14 And the Lord God said unto the serpent, Because thou hast done this, thou art cursed above all cattle, and above every beast of the field; upon thy belly shalt thou go, and dust shalt thou eat all the days of thy life:

15 And I will put enmity between thee and the woman, and between thy seed and her seed; it shall bruise thy head, and thou shalt bruise his heel.

16 Unto the woman he said, I will greatly multiply thy sorrow and thy conception; in sorrow thou shalt bring forth children; and thy desire shall be to thy husband, and he shall rule over thee.
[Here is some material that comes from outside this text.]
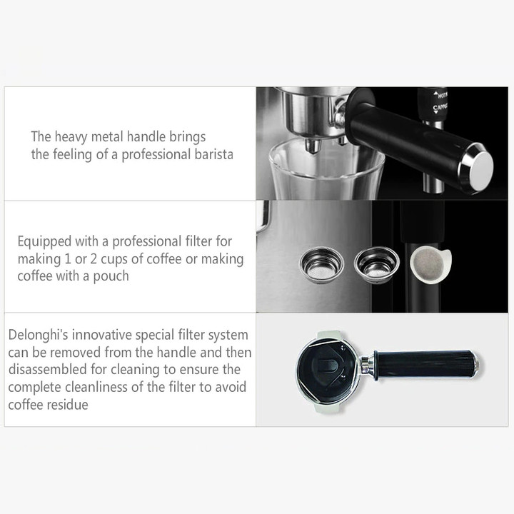 - Đặc biệt, máy còn thiết lập hệ thống điều chỉnh bọt sữa với 2 cấp độ: Bọt kem cho Cappuccino hoặc sữa nóng cho Caffe Latte kiểu Ý với thiết kế vòi xoay linh hoạt 360 độ. Kết hợp với giá giữ bộ lọc chuyên nghiệp làm bằng vỏ nhôm cao cấp và 3 phin lọc: Một tách, hai tách và gói cà phê Espresso giấy. Khay hứng nước nhỏ giọt có thể tháo rời

17 And unto Adam he said, Because thou hast hearkened unto the voice of thy wife, and hast eaten of the tree, of which I commanded thee, saying, Thou shalt not eat of it: cursed is the ground for thy sake; in sorrow shalt thou eat of it all the days of thy life;

18 Thorns also and thistles shall it bring forth to thee; and thou shalt eat the herb of the field;

19 In the sweat of thy face shalt thou eat bread, till thou return unto the ground; for out of it wast thou taken: for dust thou art, and unto dust shalt thou return.

As for 1 Timothy 2:14 The author was addressing brash and controlling women in the church. If you read from 2:12 to 2:14 the context becomes clear that the discussion is about church matters. A good read is John Gill's commentary on this subject. Be sure to read through to verse 14.